The European Union and the United States are negotiating a border-security agreement that would give U.S. authorities access to information stored in EU member states’ national databases, including biometric databases, as part of continued participation in the U.S. Visa Waiver Program.
The European Parliamentary Research Service says the agreement would need approval from both the Parliament and the Council. The proposed agreement sits under the U.S. Enhanced Border Security Partnership program (EBSP).
A condition for visa-free travel
The European Data Protection Supervisor (EDPS) said the United States made an EBSP agreement with the Department of Homeland Security a condition for admission to, and continued participation in, the Visa Waiver Program, which lets participating countries’ citizens travel to the U.S. visa-free for up to 90 days for tourism or business.
Adding pressure, the EDPS said the United States has set Dec. 31, 2026, for Visa Waiver Program countries to conclude EBSP agreements. A Council note says DHS is expected to assess compliance with the EBSP requirement as part of continued participation in the program.
Australian records released under freedom of information show the requirement is not confined to Europe. A February 2026 briefing said DHS introduced EBSP for Visa Waiver Program countries in 2022 and sought access to partner-country biometric records by Dec. 31, 2026.
The scope of data exchange
The EU negotiating directives describe a system based on travel-document identity information and fingerprints. They also allow supplementary information under safeguards, and say exchanges may include citizens, family members and permanent residents where strictly necessary and proportionate for crime or terrorism cases.
The Commission’s annex says the agreement should identify the databases and types of data that would be subject to access, while also requiring purpose limitation, storage limits, accuracy rules, breach safeguards and oversight.
Strict limits on sensitive categories
The same annex allows transfer of special categories of personal data only where strictly necessary and proportionate in individual cases. Those categories include biometric identifiers, genetic data, health and sexuality data, and data revealing race, ethnicity, political opinions, religion or trade-union membership.

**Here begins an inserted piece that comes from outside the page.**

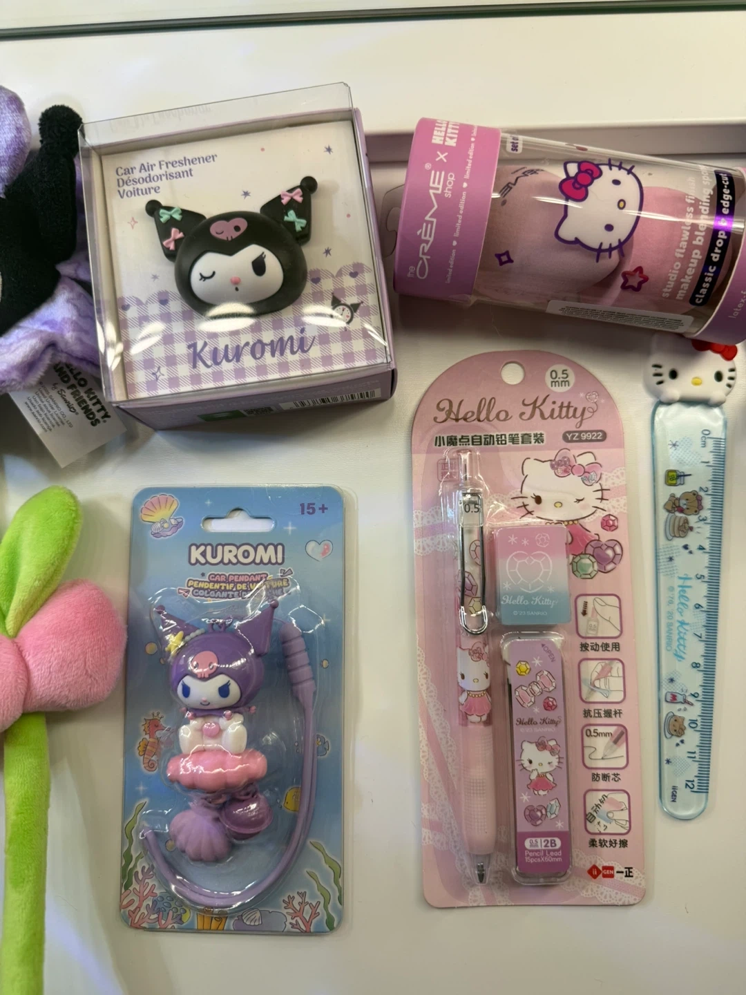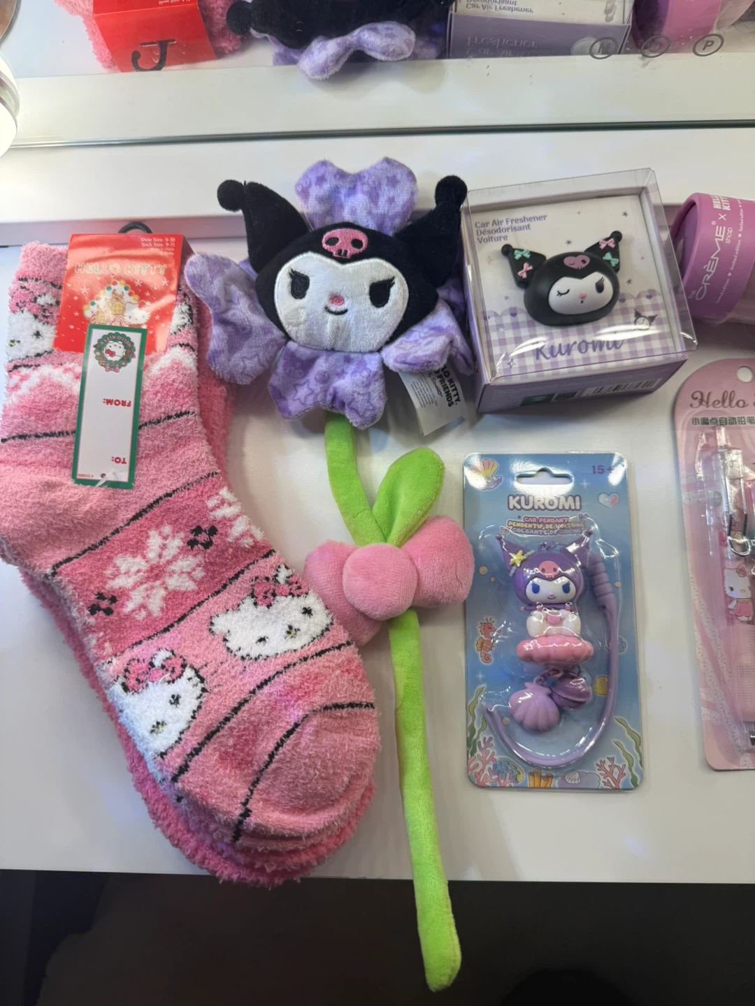 A fun collection featuring Hello Kitty and Kuromi items, including a pen and eraser set, chopsticks, a ruler, and a Kuromi car air freshener. This bundle also has fuzzy pink socks with a Hello Kitty design. Perfect for fans of these popular Sanrio characters!

The proposed safeguards also prohibit fully automated decisions without human involvement, restrict onward transfers to other U.S. authorities and bar onward transfers to third countries or international organizations.
Where the legal risk sits
The EDPS called the proposed agreement a first for the EU: large-scale sharing of personal data, including biometric data, for border and immigration control by a third country. The EDPS also noted that the Commission recommendation was not accompanied by an impact assessment, despite the expected effect on privacy and data-protection rights.

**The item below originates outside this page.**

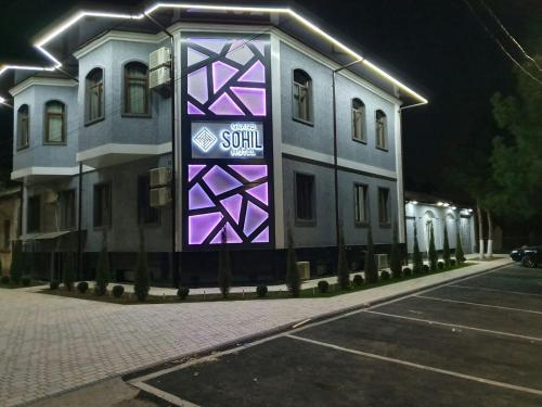A modern building with a neon sign that reads 'SOHIL' in purple and pink neon lights. The building has a flat roof with a series of vertical lights running along the edge. There are two air conditioning units on the roof. The building is illuminated with a combination of neon lights and white lights, giving it a contemporary look. The surrounding area is dark, suggesting it is nighttime. There are trees and a car parked in the distance. | Grand SOHIL Hotel, Tashkent City | 22f9be25bd7080903c3d32e89b34849daa3e04e1046108e82c5cd5416cac22e7 | 000720958399 | 0 | 0 | 78 | 5 | 0 | 0 | |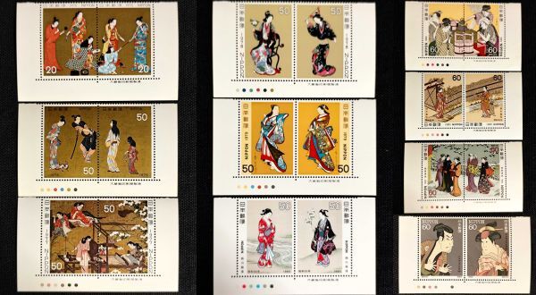 - [25011905]【切手趣味週間・1975年~1984年】2種連刷 銘版・CM付 20種「鳥居清長 喜多川歌麿 東洲斎写楽…」20円×2 50円×10 60円×8 美品

The EDPS backed a common EU-U.S. structure in principle because it could create Union-level safeguards, but its opinion narrowed the unresolved issues. It urged the Commission and Council to define the personal scope and data categories as tightly as possible, conduct a fundamental rights impact assessment and treat the seriousness of the data sharing as comparable to law-enforcement exchanges.
The EDPS also warned that the directives do not make clear whether supplementary information would be requested in all matches or only in law-enforcement cases.